The only complaint I had about this book was that it was set in the future. By doing this, Starhawk was able to set up her story to work perfectly with the philosophy of non-violence. It was very convenient for her to have removed the threat of an air attack, with missiles and nuclear weapons. In this futuristic society, there are not the resources for such weapons. Her book may have been more powerful (towards illustrating her point of non-violent resistance) if she had set it in modern times, against the odds that a modern person would have. Air strikes and nuclear weapons make the idea of non-violent resistance much more difficult to achieve.
Overall, however, this is one of the most interesting books that I have ever read. The characters are very complex, and the plot is well carried out. Starhawk is a very talented author, with a gift for description and character interaction. These characters are very real, and not one-sided at all.
Aside from The Fifth Sacred Thing, I read Girl, Interrupted, by Susanna Kaysen. It was a good book, and I would certainly recommend it. It probably won't end up on my "favorite books" list, however, for it wasn't quite that good. It is a true story of the author's stay in a mental institution in the sixties. This was an excellent book for a quick read. The chapters are short and to the point.
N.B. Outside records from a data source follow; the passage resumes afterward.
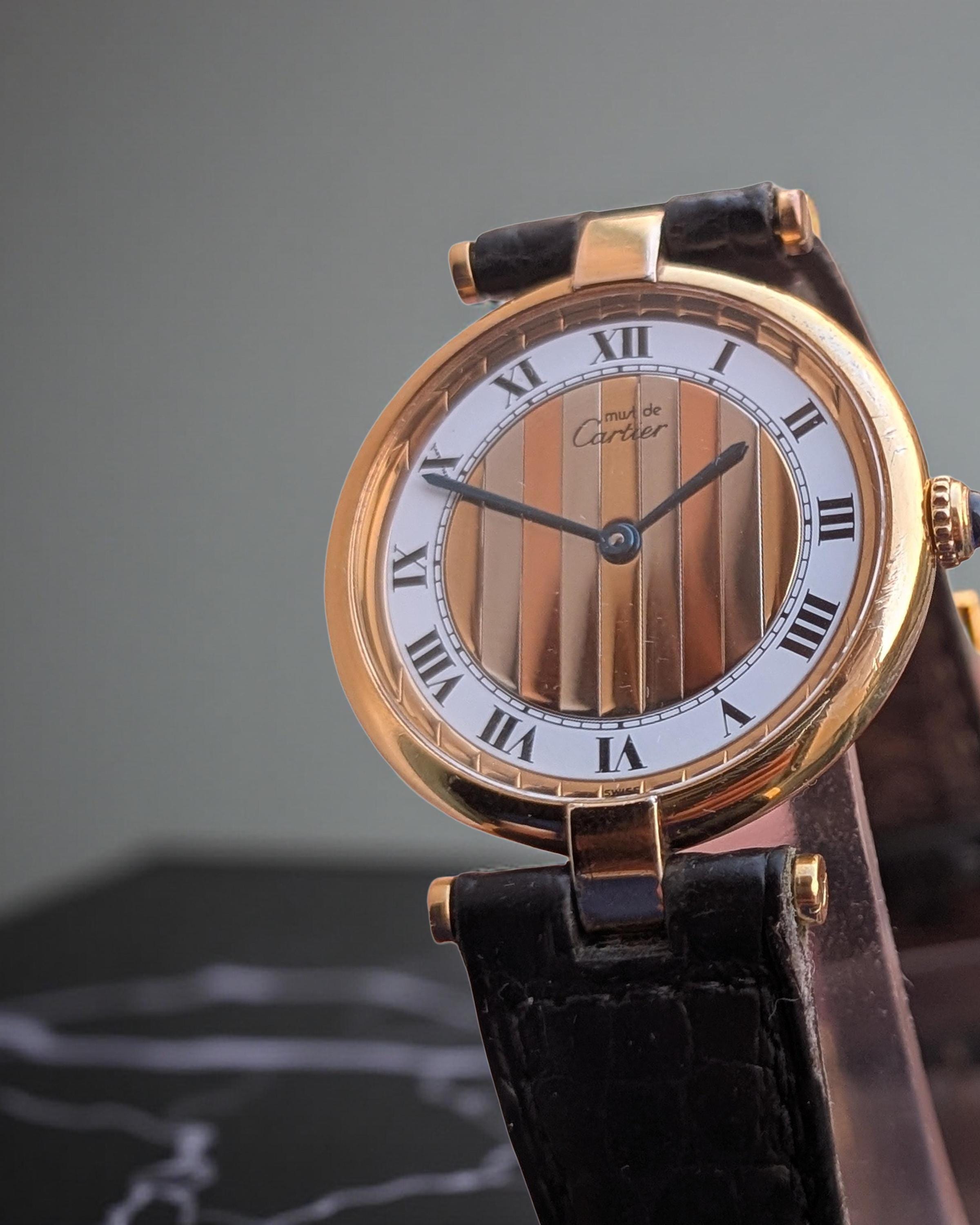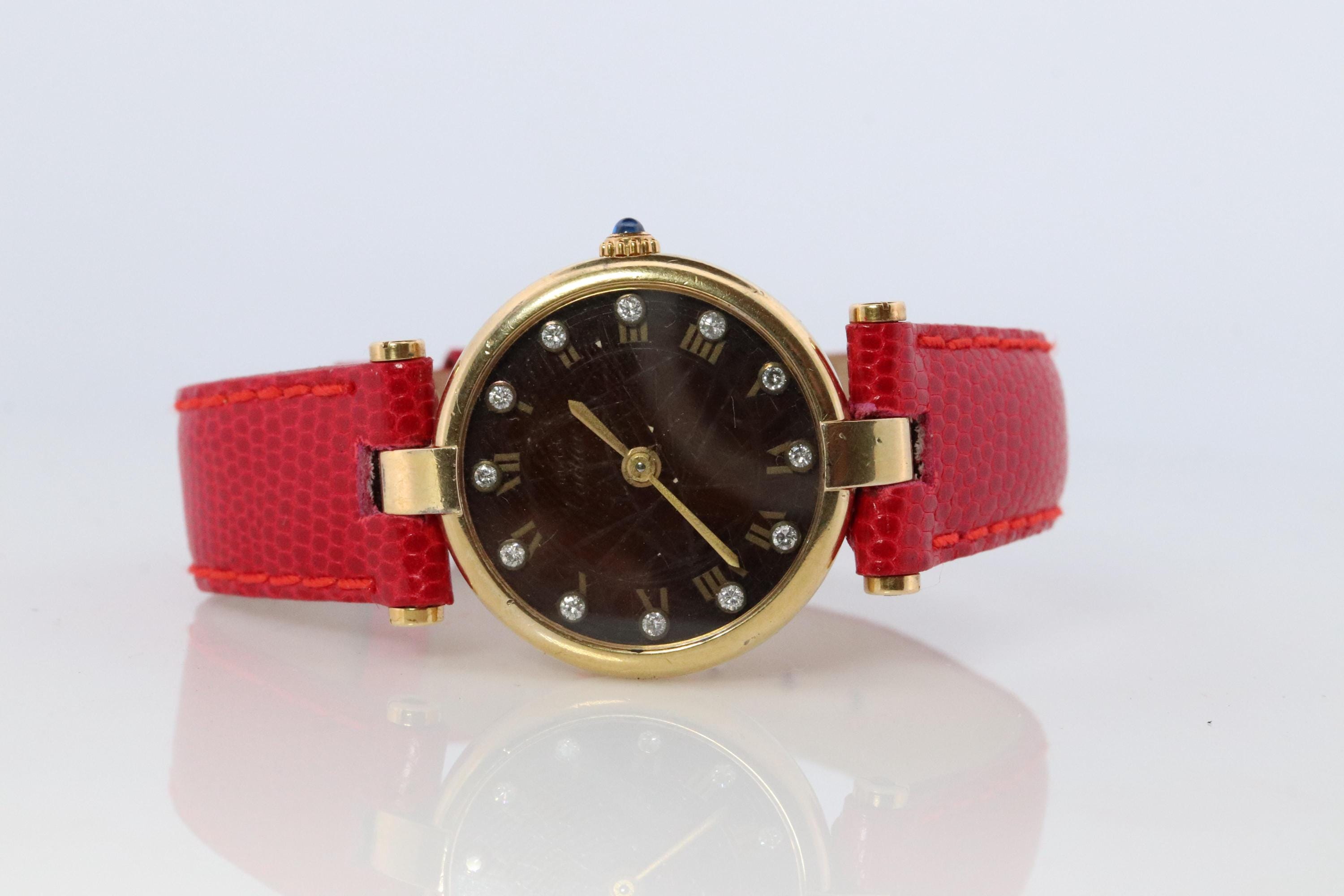 Orologio Cartier autentico. Must de Cartier Vendome vintage Raro quadrante Diamond Spider marrone sc...
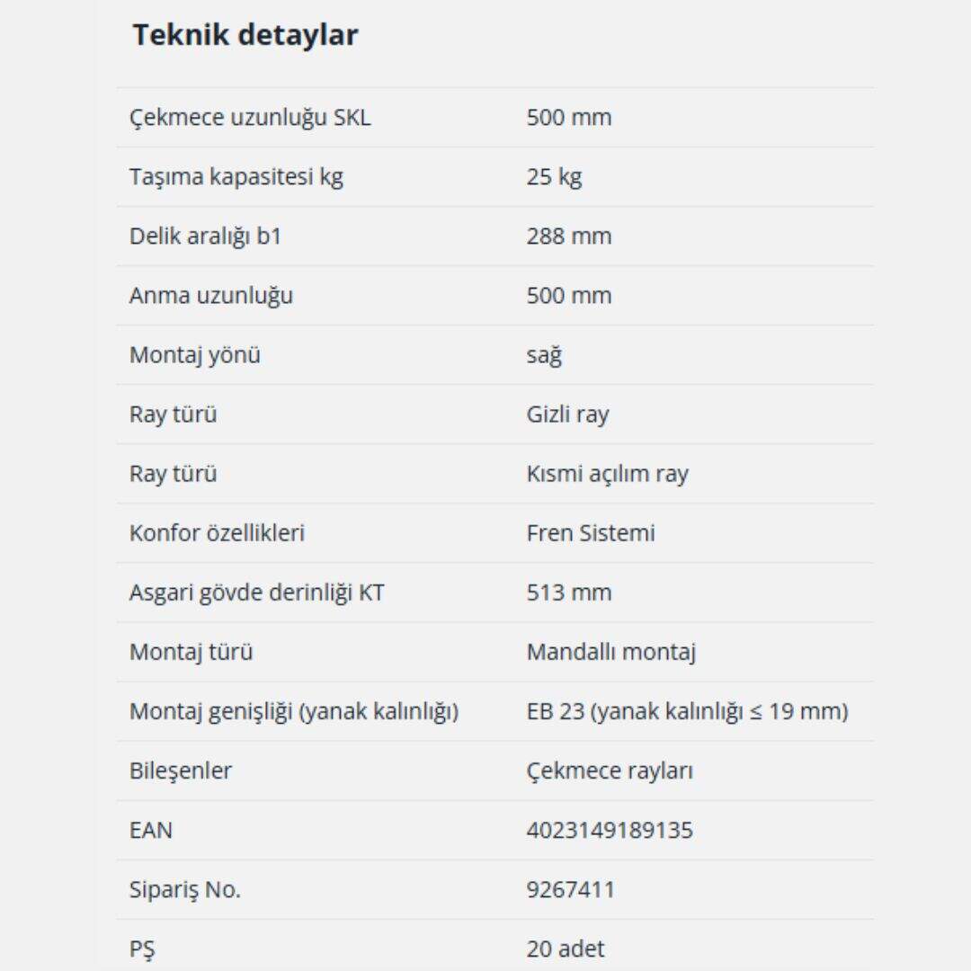 Hettich Quadro Kısmi Açılım Frenli Ray 50 cm Sağ
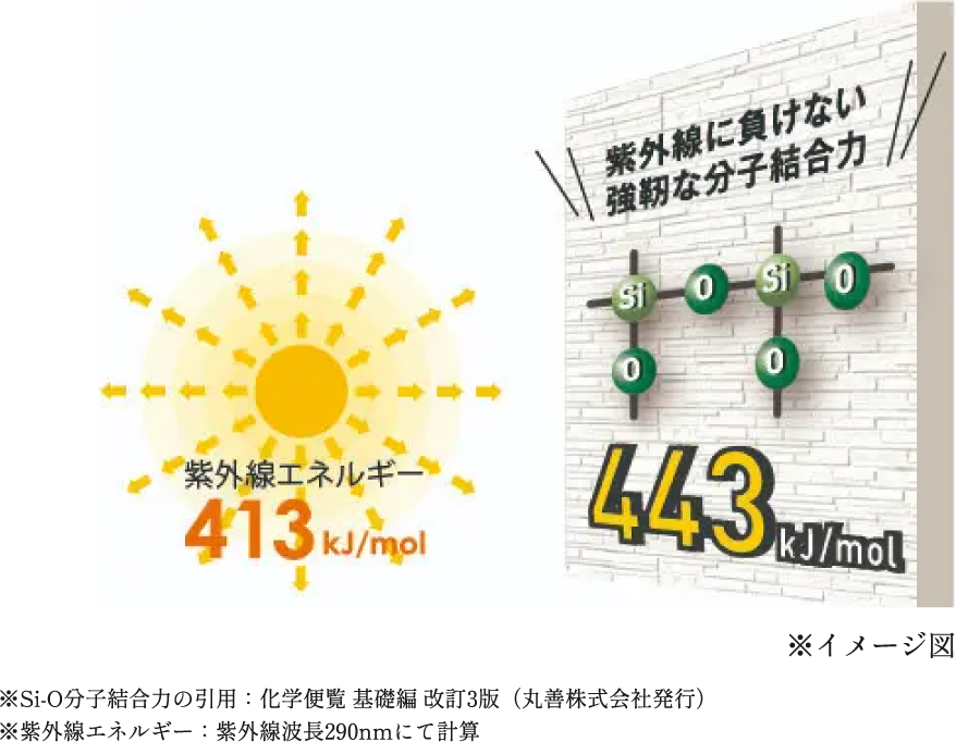 「プラチナコート(30)」は分子に443kJ/molの結合エネルギーを持つSi-O結合を含みます。Si-O結合は紫外線エネルギーの413kJ/molを上回る安定した結合力を持つため、外壁材をしっかりガードすることができます。
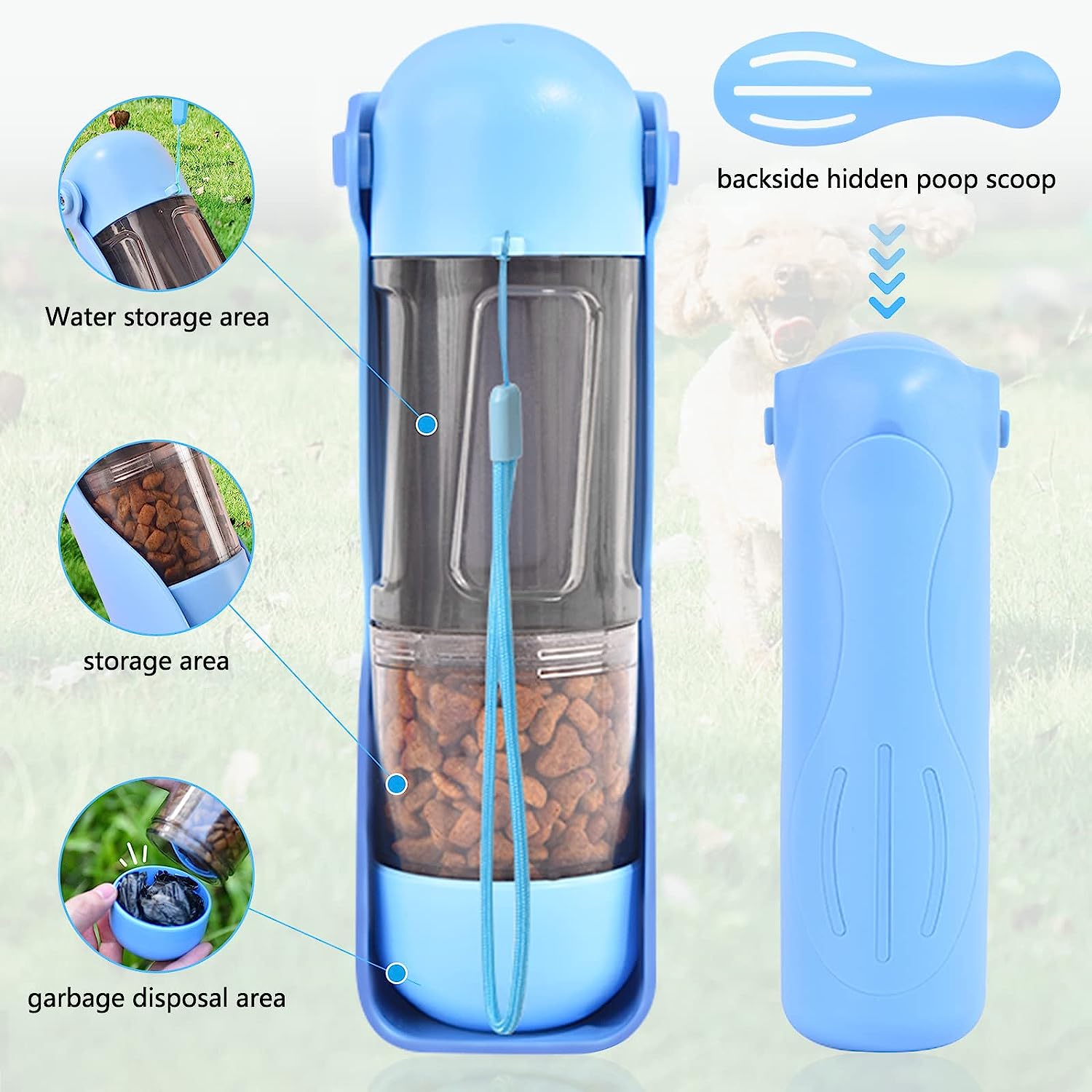 Portable 3-in-1 Dog Water Bottle Food Dispenser and Toilet Bag Storage
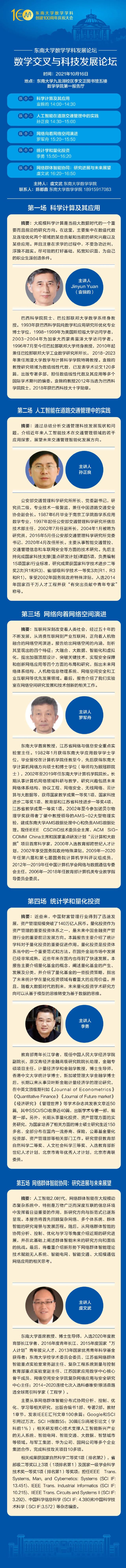 2021年10月16日:太阳成集团tyc33455cc数学学科发展论坛——数学交叉与科技发展论坛
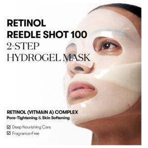 Máscara de hidrogel Reti-A Reedle Shot 100 de 2 etapas da VT COSMETICS, 4 unidades — Elasticidade aprimorada da pele: infundida com a essência de um sérum Reti-A inteiro, esta máscara de hidrogel oferece cuidados intensivos de elasticidade. – Complexo avançado de reti-A: uma mistura potente de retinoato de hidroxi pinacolona e bakuchiol cuidadosamente selecionados pela VT COSMETICS, um retinol derivado de plantas, ajuda a melhorar a elasticidade da pele e minimiza irritação. – Cuidados calmantes personalizáveis: escolha entre três opções calmantes com base no tempo de aplicação: Refrigeração e cuidados calmantes rápidos (30 a 40 minutos), cuidados calmantes intensivos (2 horas) ou cuidados noturnos (uso prolongado). — Ajuste perfeito para uma absorção ideal: a máscara adere firmemente à pele, garantindo a máxima absorção da essência enquanto você dorme.
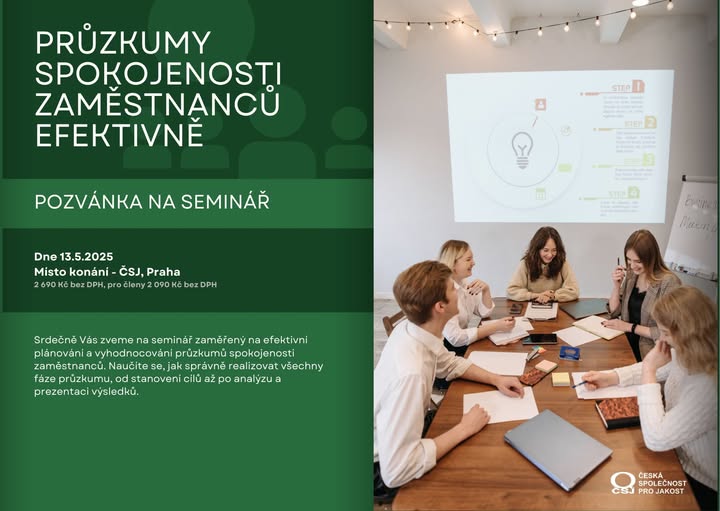 Dne 13.5.2025 se v prostorách ČSJ uskuteční seminář na téma "Průzkumy spokojenosti zaměstnanců efektivně". Obsah semináře je zaměřen na pracovníky odpovídající za průzkumy spokojenosti zaměstnanců na všech úrovních činností - plánování, realizace a vyhodnoceni. Budeme se na Vás těšit. https://www.csq.cz/vzdelavani/detail/pruzkumy-spokojenosti-zamestnancu-efektivne #vzdelavani #spokojenostzamestnancu #kvalitavydelava #HR #seminar (fb)
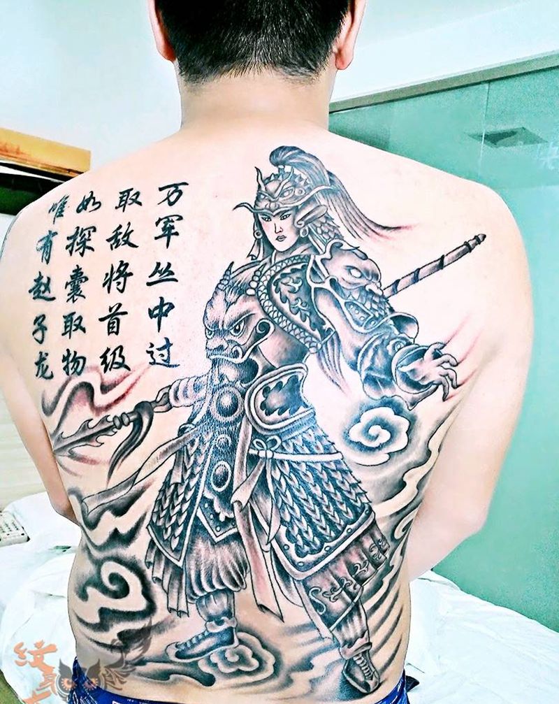 黑灰满背纹身图案

Each gives you a snapshot of a situation in the hospital. I think the reason the book is so chilling is because you are left thinking at maybe anyone could be just as easily locked up. Kaysen stretches your definitions of "sanity," and leaves you wondering exactly how sane you really are.
I have been poking very slowly through both Victor Hugo's Les Miserables and Thoreau's Walden: or, Life in the Woods. Both are the type of books that I read some and then put them down and read something else for a while, though. It will be some time before I get through them. I am also reading The Well of Loneliness, by Radcliff Hall. The first time I read it was for a class, and I could only skim it due to lack of time, so, this time, I am enjoying it. I'll write more when I finish it.